Я продолжал. Потом изучали и разбирали Бородинскую битвы, Малоярославец, Фокшаны, Рымник, Ларга, Кагул. Особенно подробно останавливались на битвах до пороховой эпохи: Айзенкур, Куликовская битва, походы татаро-монгол, тактику швейцарской пехоты и ландскнехтов. Вместе с этим я наизусть заучивал устройства катапульт, баллист, «скорпионов», ТТХ невробаллистических машин и баробаллистических, преимущества и недостатки каждой из этих конструкций.

– Для создания и работы с невробаллистическими машинами требовалась серьезная школа, развитые технические службы, – рассказывал учитель. – Потому в Средние века армии не могли себе позволить такие сложные устройства из-за отсутствия квалифицированных специалистов и они использовали гораздо более простые, пусть и не такие дальнобойные и точные баробаллистические машины… Почему они так назывались?

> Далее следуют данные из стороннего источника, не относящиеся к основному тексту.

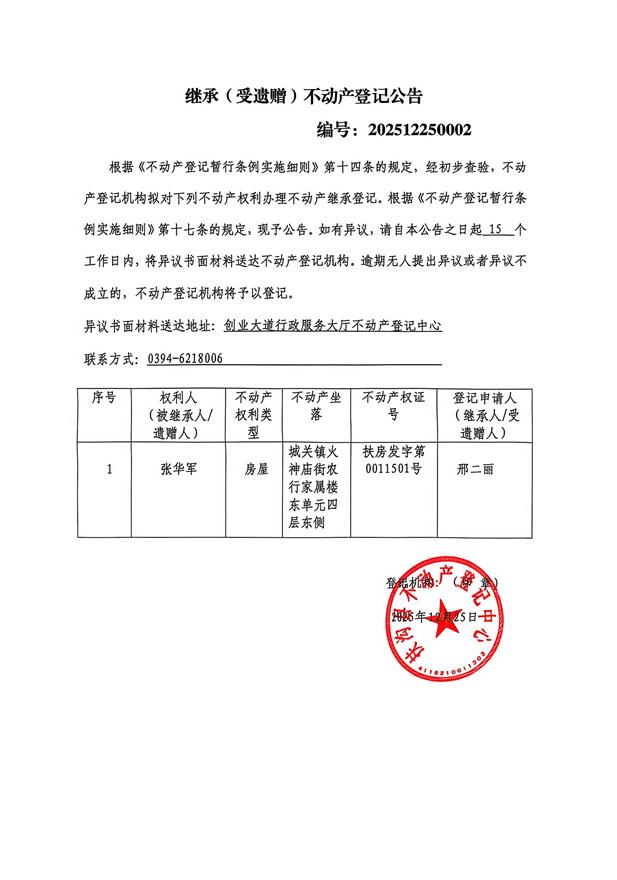 继承(受遗赠)不动产登记公告、编号:202512250002

– От греческого баро – тяжесть. То есть машины, использующие систему противовесов, в отличие от невробаллистических, использующих энергию упругих тел – дерева, скрученных канатов или воловьих жил – для бросания снарядов.

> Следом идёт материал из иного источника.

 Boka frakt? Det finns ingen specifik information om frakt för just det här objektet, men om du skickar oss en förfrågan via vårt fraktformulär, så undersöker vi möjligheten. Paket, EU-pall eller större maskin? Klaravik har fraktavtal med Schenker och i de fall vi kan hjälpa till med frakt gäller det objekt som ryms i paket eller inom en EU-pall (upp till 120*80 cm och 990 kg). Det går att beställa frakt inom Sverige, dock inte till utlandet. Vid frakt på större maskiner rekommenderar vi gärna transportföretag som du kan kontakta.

– Молодец. Верно. К следующему занятию попрошу дать расчеты по «скорпинону» и сделай его чертеж.

Следующее занятие, после проверки моего чертежа и высказыванием пары замечаний по выбранному мной дереву, было посвящено полководцам.

– Трудно переоценить значение личности человека, ведущего полки. Царь Дарий, из-за своей трусости умудрился проиграть почти выигранное сражение против Александра Македонского. Прояви он чуть больше храбрости в сражении при Иссе и мир, возможно, никогда не услышал бы о великом Александре. Однако бегство Дария послужило сигналом для бегства всего войска. Но мы поговорим о тех полководцах, которые оставили заметные следы в истории войн. В прошлые занятия мы говорили о восемнадцатом веке. Скажи-ка мне, друг мой Владимир, какие методы применяли… ну скажем… Фридрих Второй Великий, Наполеон, Суворов и Кутузов. Перечисли их отличительные особенности как полководцев, применяемые ими приемы.

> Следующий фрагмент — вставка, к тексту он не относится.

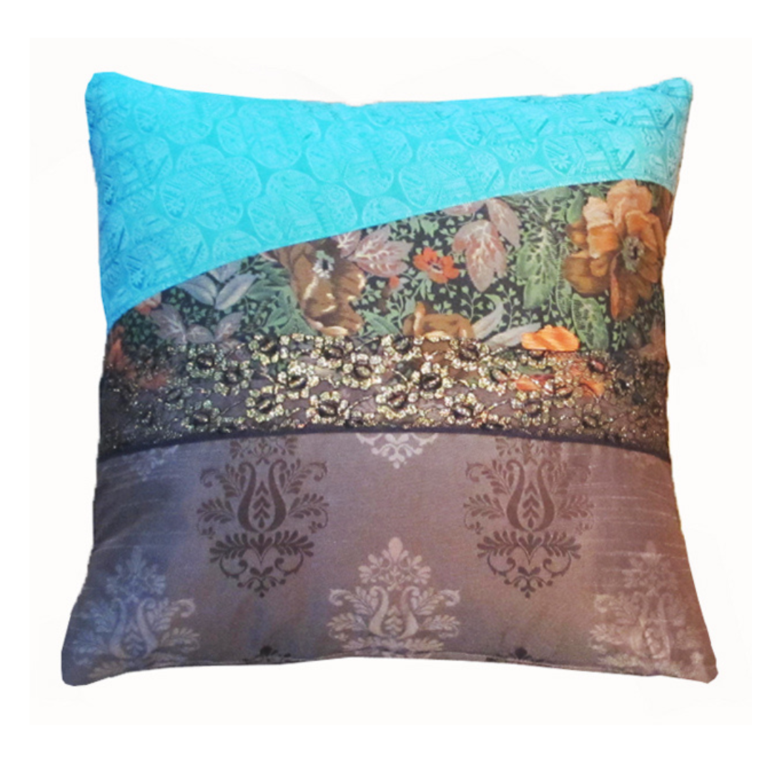 Handmade cushion cover made from fabric collected from vintage markets and fairs and decorated with ribbon and lace. Fastened with a zip. Top section has gold effect on fabric, middle section is textured velvet effect.

Я задумался. О них рассказывалось давно, приходилось прилагать усилия, чтобы вспомнить.

– Фридрих Второй прославился своей знаменитой косой атакой. Суть ее заключалась в том, чтобы сконцентрировать больше сил на одном из флангов, прорыв линии противника и удар в тыл центра. Вместе с техническими новшествами, как то железный шомпол, позволивший поднять скорострельность ружей, это явилось залогом его побед. Отлично вымуштрованная армия позволила производить тактические перестроения прямо на поле боя. Считающая сильнейшей в Европе кавалерия довершала разгром. Хотя справедливости ради стоит сказать, что тактический прием концентрации сил на фланге не нов. Его применял фиванский полководец Эпаминод. В частности благодаря ему была одержана знаменитая победа в битве при Левктрах, где были разбиты считавшиеся доселе непобедимыми спартанцы.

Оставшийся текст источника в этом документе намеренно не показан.